Fruitnamen in Spaanse A-G
appel - la manzana
Abrikoos - el damasco, el albaricoque
Avocado - el aguacate
Banaan - el plátano, la banana
braambes - la mora, la zarzamora
zwarte bes - la grosella negra
Bosbes - el arándano
camu camu - el camu camu
kantaloepa - el melón
Cherimoya - la chirimoya
Kers - la cereza
Citroen - el cidro, el citrón, la toronja
Kokosnoot - el coco
Komkommer - el pepino
Veenbes - el arándano agrio
Datum - el dátil
vijg - el higo
Galia - el melón galia
Kruisbes - la grosella espinosa
Druif - La Uva (Een krenten of rozijnen zijn una pasa of una uva pasa.)

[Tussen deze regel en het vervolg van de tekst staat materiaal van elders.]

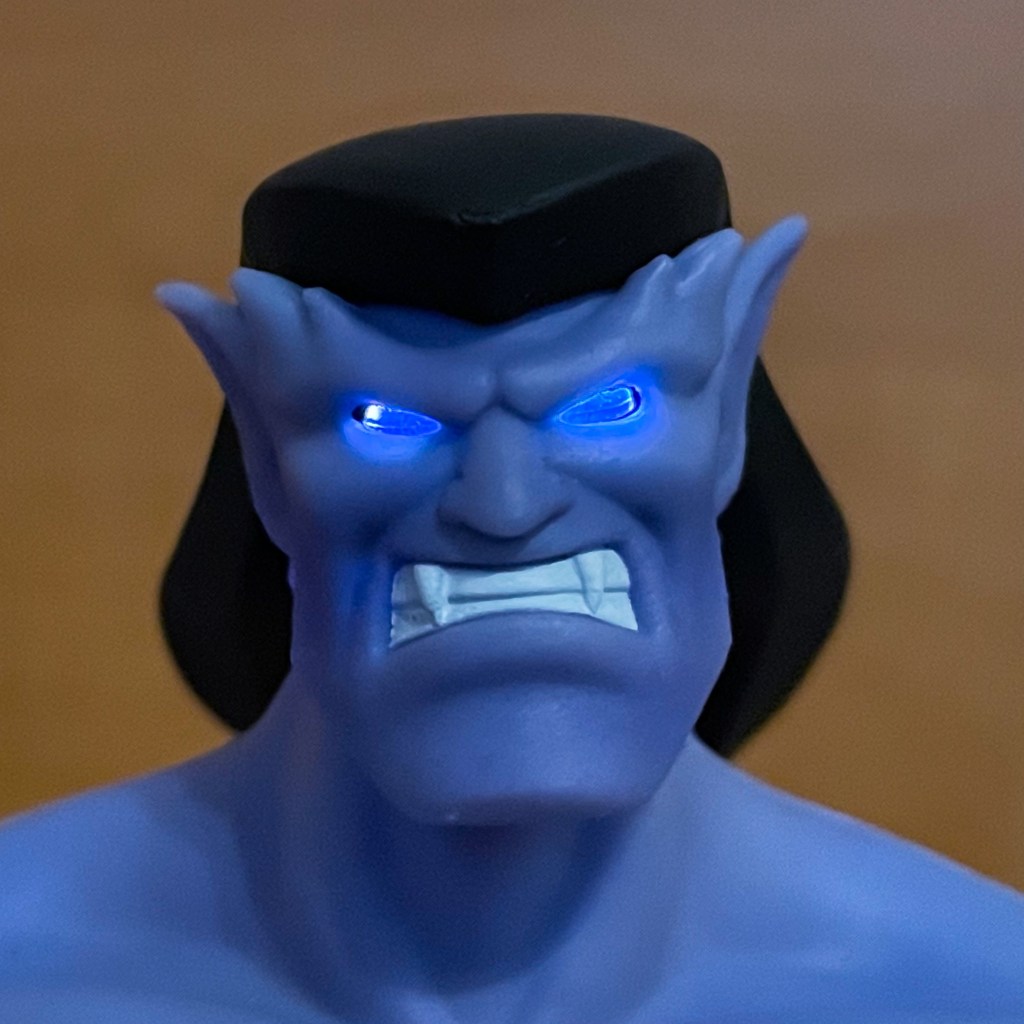 Beast Kingdom’s Gargoyles Goliath Dynamic 8ction Heroes 1/9 scale figure measures at approximately 8.27 inches tall and features an impressive 26 points of articulation. His eyes have an LED light feature that gets it power from three LR-41 batteries. Unfortunately, the batteries are not included in the box.

Grapefruit - el pomelo, la toronja
Guarana - la fruta de guaraná
Fruitnamen in het Spaans H-Z
Honing meloen - el melón tonijn
bosbes - el arándano
Kiwi - el kiwi
kumquat - el quinoto
Citroen - el limón
Limoen - la lima, el limón
soort framboos - la zarza, la frambuesa
Lychee - la lichi
Mandarijn - la mandarina
Mango - el mango
Meloen - el melón
Moerbei - la mora
naranjilla - la naranjilla, el lulo
Nectarine - la nectarina
Olijf - La Oliva, la aceituna
Oranje - la naranja
Papaja - la papaya
Passievrucht - la maracuyá, la parcha, la fruta de pasión
Perzik - el durazno, el melocotón
Peer - la pera
persimmon - el caqui
Ananas - la piña, el ananá
Weegbree - el plátano
Pruim - La Ciruela
Granaatappel - La Granada
Cactusvijg - la tonijn, el higo chumbo
Kweepeer - el membrillo
Framboos - la frambuesa
Aardbei - la fresa, la frutilla
Tamarinde - el tamarindo
Mandarijn - la mandarina, la tangerina
tomatillo - el tomatillo
Tomaat - el tomate
Watermeloen - la sandía
Veel fruit heeft lokale of regionale namen die buiten het gebied mogelijk niet worden begrepen. Ook zijn de Engelse en Spaanse woorden voor bepaald fruit niet altijd exact hetzelfde, soms omdat twee vergelijkbare fruitsoorten een naam hebben. Bijvoorbeeld wat bekend staat als un arándano in het Spaans kent verschillende namen in het Engels, zoals huckleberry, blauwe bosbes, bosbessen en cranberry. Een veel voorkomende bron van verwarring is dat een limón kan verwijzen naar een citroen of limoen, afhankelijk van de regio.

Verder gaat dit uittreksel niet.